Dissociation of Dairy From its Animal Origin and the Role of Disgust to Reduce Dairy Consumption
Authors
Abstract
Human consumption of cow milk dairy is detrimental to both animal welfare and maintaining climate stability. In two studies, we investigated the relationship between dairy consumption and features of cow milk associated with disgust and food rejection: its animal origin as a bodily fluid and pathogen susceptibility. Specifically, we examined whether emphasising these features through the link between cow milk and lactate would reduce willingness to consume dairy through increased disgust.
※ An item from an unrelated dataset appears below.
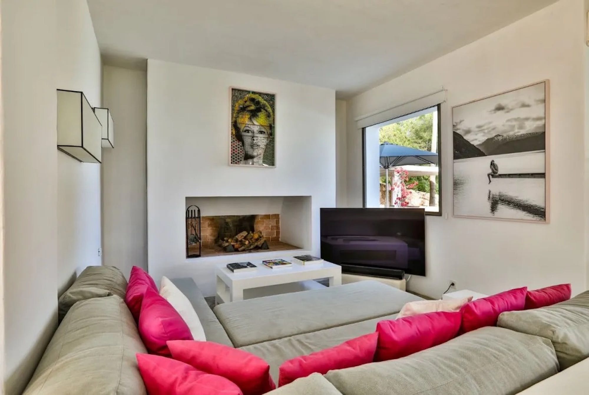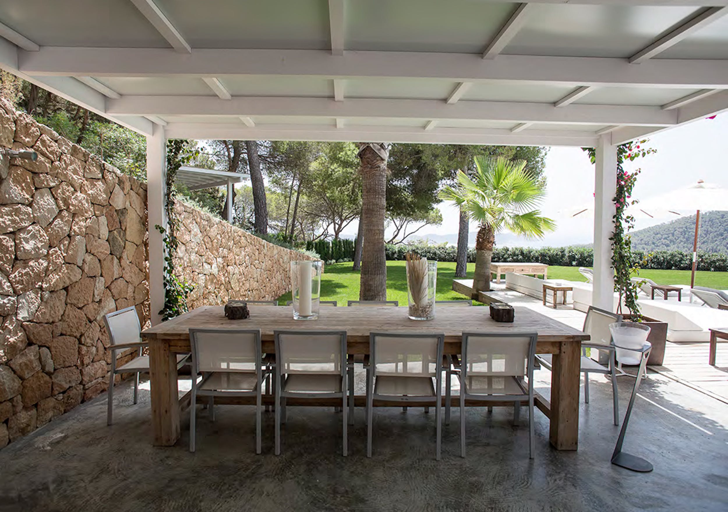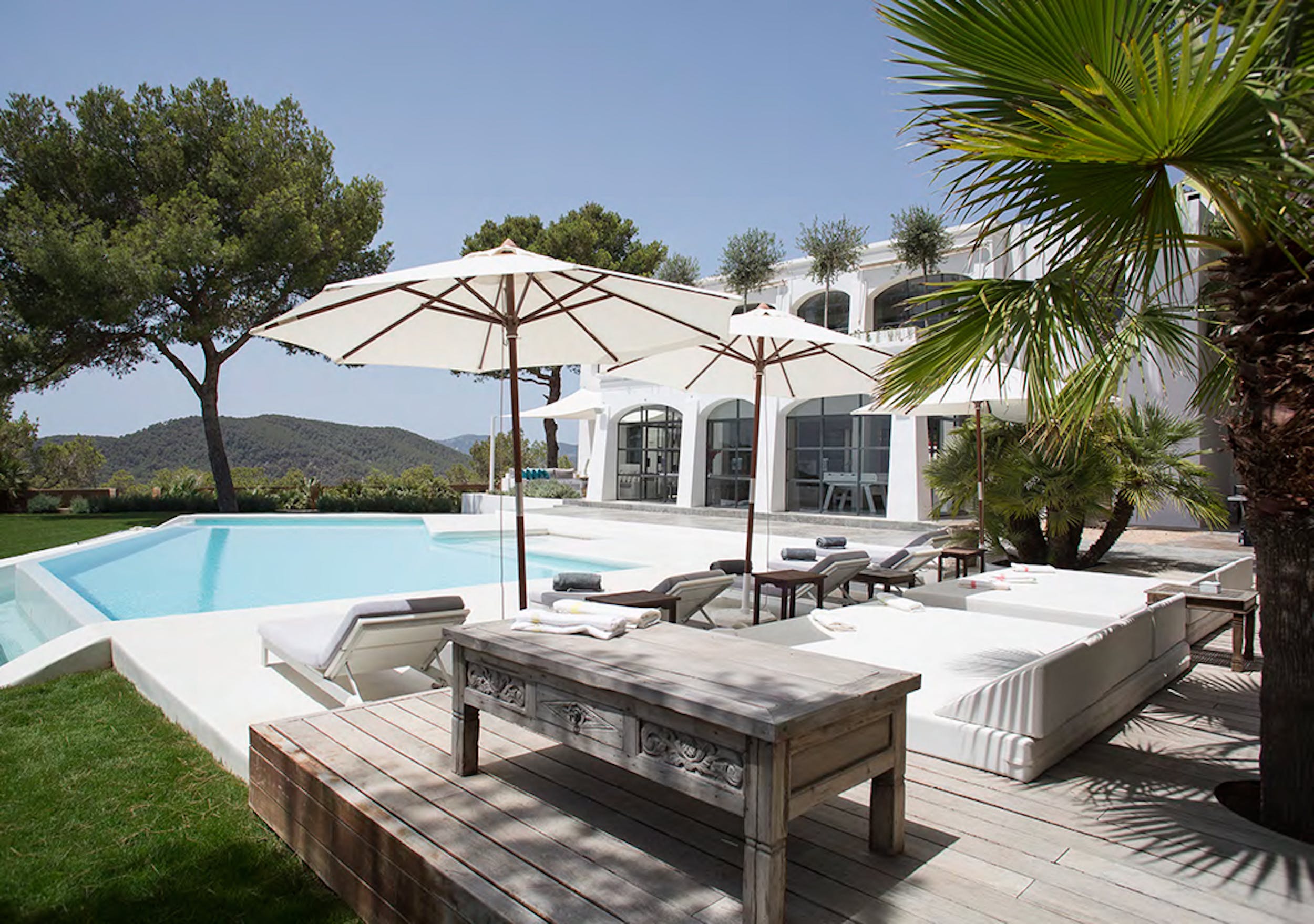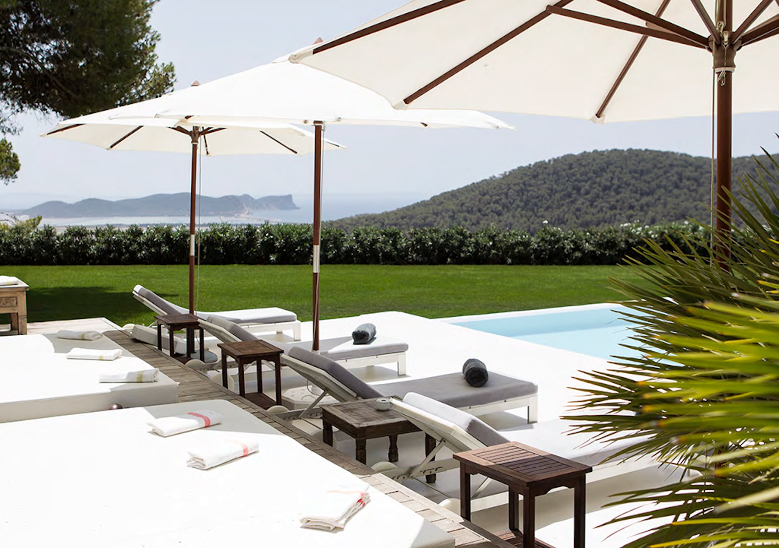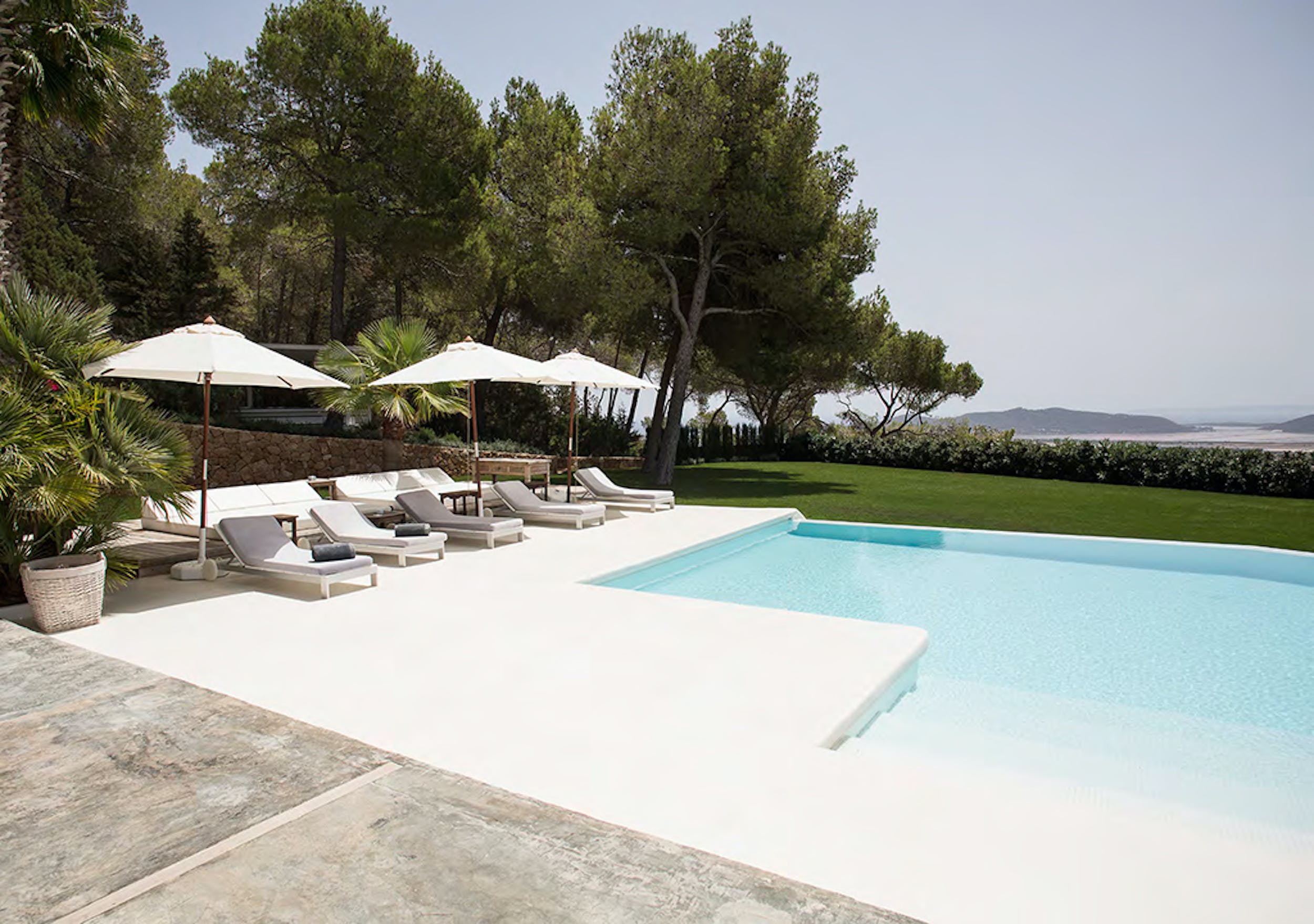 Outside features a beautiful large infinity pool (14m x 8m) and a luscious green lawn, where you can enjoy the sweeping views of the sea and Formentera in the back ground. By the pool there is a shaded poolside dining area which has a gas BBQ and seats 12 people. Single sun beds are available on the spacious terrace by the pool, and in shaded areas.

In Study 1 we conducted an online experiment (N = 155; between-persons) manipulating the salience of these features (reading about lactation vs. digestion in cows) and measured the effect on disgust towards cow milk and willingness to consume cow milk and derived dairy products. Compared to the digestion manipulation, the lactation manipulation significantly increased disgust towards dairy, which fully mediated a reduction in self-reported consumption willingness. Study 2 was a conceptual replication with an in-person experiment (N = 76; within-persons) using the same manipulation (reading about lactation in cows) and measuring disgust towards cow milk and behavioural intentions to eat dairy milk chocolate (serving size). We found a similar increase in disgust towards dairy but no effect on milk chocolate serving size. We conclude that emphasising the bodily nature of lactation increases disgust towards cow milk, but this does not reliably decrease intended consumption.